11-19-2015 11:33 PM
Several continuous variables in my data have outliers/extreme values. Instead of assigning them missing values, I wonder if there's a more non-invasive approach, i.e., to leave outliers untouched but run statistics that exclude them. For example, how can I run means of a variable that excludes 5 observations with lowest values, and maybe 5 others highest values?
11-20-2015 12:25 AM
Thanks for your hint. I review these options and trimmed means looks like what I need.
There's another related question: It seems that trimmed option in PROC UNIVARIATE equally cuts off two tails of the variables. But is it possible to exclude only one tail? For example, there are cases that distributions of outliers are skewed (or only present) on one end, either left or right. Hence, sometimes we wish to put restriction on just one tail of the distribution.
11-20-2015 08:19 AM
As far as I know, there are no one-sided versions of trimmed or Winsorized means implemented in SAS. Of course, they can be calculated fairly easily: In the case of one-sided trimmed means a simple WHERE condition can exclude the extreme observations, after a suitable cutoff point has been determined. The question remains (not only in the one-sided case) where to put the cutoff point. The answer will depend on the statistical model used. As you say, your data includes several variables, which makes it more difficult, because it is not straightforward how to define extremeness for multivariate data. Please note that an element of a multivariate sample could be an outlier without having an extreme value in any of its components.
The classic standard reference on the subject, "Outliers in Statistical Data", includes a section on "Accomodation of outliers in gamma (including exponential) samples" (p. 174 ff.) where various proposals for this univariate, asymmetric setting are discussed, including the one-sided trimmed mean. A corresponding section reviews discordancy tests for this class of models (p. 193 ff.). Part III of that book devotes more than 100 pages to multivariate and structured data.
11-20-2015 12:07 PM
Symmetric trimming or winsorizing might seem inefficient. Why sacrifice or alter some of your good data because of some other bad data? But if you can make the assumption that the bad data are nevertheless on the correct side of the distribution (e.g. very very large values actually represent large values) then removing them will systematically shift the location of the distribution. That's why it is safer to perform trimming or winsorization symmetrically.
11-20-2015 08:42 AM
The simplest mechanism is to change from using classical estimators (like the mean and standard deviation) to robust estimators (like the median and inter-quartile range. By using a robust estimator, you avoid making distributional assumptions about your data.

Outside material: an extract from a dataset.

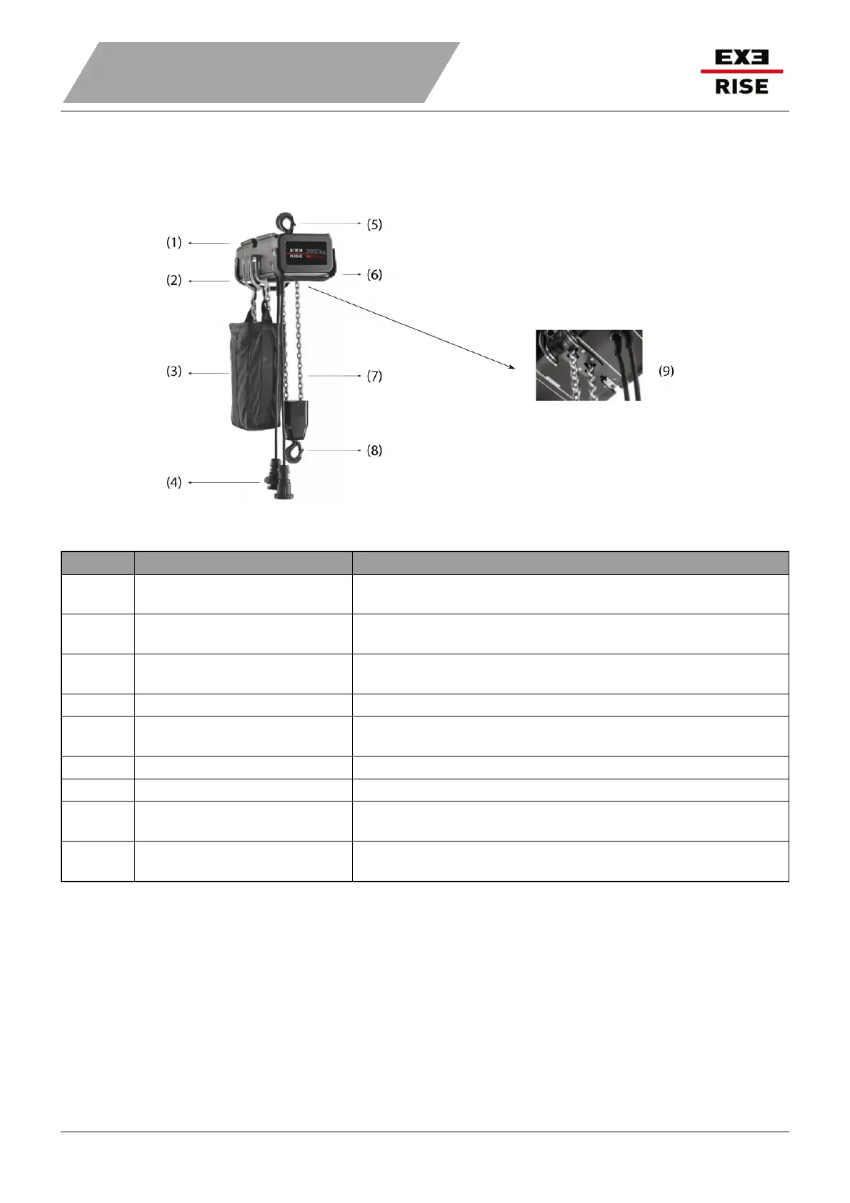 EXE RISE electric chain hoists consist of several components detailed in figure 3.3 and described.

PROC UNIVARIATE and other SAS procedures support robust estimates of location and scale. See:
11-20-2015 09:07 AM
Be careful. You are in dangerous territory. Your idea of deleting only the largest observations (or the smallest, but not both) can lead to arbitrary results. Rick has a better suggestion: use various robust statistical methods that deal with extreme observations in an appropriate manner. I highly recommend the quantile regression procedure. Primarily used for relationship between variables, it can be used for many other robust statistical estimates. I think Rick has a blog post on this.
11-20-2015 09:44 AM
I think LVM might be refering to this post about how to use the ROBUSTREG procedure to compute robust estimates of univariate quantities.
To reiterate LVM's point: Excluding data is a slippery slope. I like to say that we can use robust methods to IDENTIFY outliers and to construct estimates that are ROBUST to outliers, but I rarely use the phrase "exclude outliers."
11-20-2015 06:31 PM
You've gotten some good advice regarding MEANS. Especially the advice to BE CAREFUL.
In your question, though, you used MEANS only as an example. If you want to do regression, I suggest either QUANTREG or ROBUSTREG.
Oddly enough, I wrote a paper on these. Should more of your PROC REGs be QUANTREGs and ROBUSTREGs?
In addition, note that the outliers are often the interesting stuff - automatically excluding outliers would mean that we never discovered black holes. :-).